When people are having marital issues they often feel as though their situation is unique and no one has gone through this before. The truth is however it is very common for there to be common patterns.

 

 

It is very typical for someone to become very short and impatient with their spouse when someone else is triggering their attraction switches. It is common for them to have an anger response that is very disproportionate to the event that initiated the argument.

 

 

It is also extremely common for someone to request "space" when they are wanting to test drive someone else.

 

 

what is disturbing here is it is also very common for women who have had unprotected sex with another man to come home and have sex with the husband within a very short time frame so she can try to pass off the OM's baby as her BH's.

 

 

And sadly, it is also like clockwork that if she is pregnant and the OM disavows her, she will return to the BH promising sunshine, roses and unicorns.

 

 

You wife seems to be following this script almost to the letter.
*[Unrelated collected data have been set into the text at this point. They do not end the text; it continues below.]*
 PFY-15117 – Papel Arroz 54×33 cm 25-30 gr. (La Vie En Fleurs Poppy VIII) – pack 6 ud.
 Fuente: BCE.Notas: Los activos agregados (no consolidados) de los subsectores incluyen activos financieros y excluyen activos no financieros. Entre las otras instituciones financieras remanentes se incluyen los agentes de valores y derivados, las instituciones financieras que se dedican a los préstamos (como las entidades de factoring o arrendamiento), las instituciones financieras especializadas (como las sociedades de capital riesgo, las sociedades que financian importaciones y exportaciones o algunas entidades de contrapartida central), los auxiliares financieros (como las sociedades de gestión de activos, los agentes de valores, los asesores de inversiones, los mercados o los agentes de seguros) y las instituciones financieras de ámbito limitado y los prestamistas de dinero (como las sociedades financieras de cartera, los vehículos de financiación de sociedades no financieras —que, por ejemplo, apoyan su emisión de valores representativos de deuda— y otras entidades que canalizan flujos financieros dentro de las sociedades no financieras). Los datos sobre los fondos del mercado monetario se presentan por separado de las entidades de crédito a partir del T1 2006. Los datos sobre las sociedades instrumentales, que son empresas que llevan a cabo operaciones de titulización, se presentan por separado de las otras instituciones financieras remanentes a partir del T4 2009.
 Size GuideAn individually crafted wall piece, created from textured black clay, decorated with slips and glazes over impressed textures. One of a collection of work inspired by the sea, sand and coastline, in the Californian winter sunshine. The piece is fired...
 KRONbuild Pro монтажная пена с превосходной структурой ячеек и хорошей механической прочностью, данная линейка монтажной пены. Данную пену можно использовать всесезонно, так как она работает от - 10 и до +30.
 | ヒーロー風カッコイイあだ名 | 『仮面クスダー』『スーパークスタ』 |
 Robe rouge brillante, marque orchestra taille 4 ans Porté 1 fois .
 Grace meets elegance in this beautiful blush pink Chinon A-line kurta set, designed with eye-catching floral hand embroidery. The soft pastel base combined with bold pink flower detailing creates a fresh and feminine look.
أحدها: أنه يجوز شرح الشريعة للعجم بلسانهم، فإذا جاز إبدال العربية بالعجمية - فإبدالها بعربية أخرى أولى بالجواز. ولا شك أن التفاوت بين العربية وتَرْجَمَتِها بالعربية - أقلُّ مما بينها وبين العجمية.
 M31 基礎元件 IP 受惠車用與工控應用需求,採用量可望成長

There is an extremely high likelihood that there was a lot more going on than a kiss one night after work. This was probably an actual affair that has been taking place for a period of time.

 

 

There is a realistic chance this baby is not yours.

 

 

This can become a very tricky legal situation and you will need to take some strong action to protect yourself legally and financially. Many courts don't give a crap about DNA, they only want the child supported. Many courts will view the child as the marital husbands responsibility even if DNA testing proves he is not the biological father.

 

 

You need to consult a family law/paternity lawyer ASAP. Your attorney may advise you not to take her back into the marital home and not agree to any reconciliation until a paternity test is administered and paternity of the child is determined.

 

 

If you agree to take her back in and agree to reconciliation, the courts may find you responsible for raising the child and providing child support, even if it is proven to not be yours biologically.

 

 

Take action and get a lawyer NOW!!!!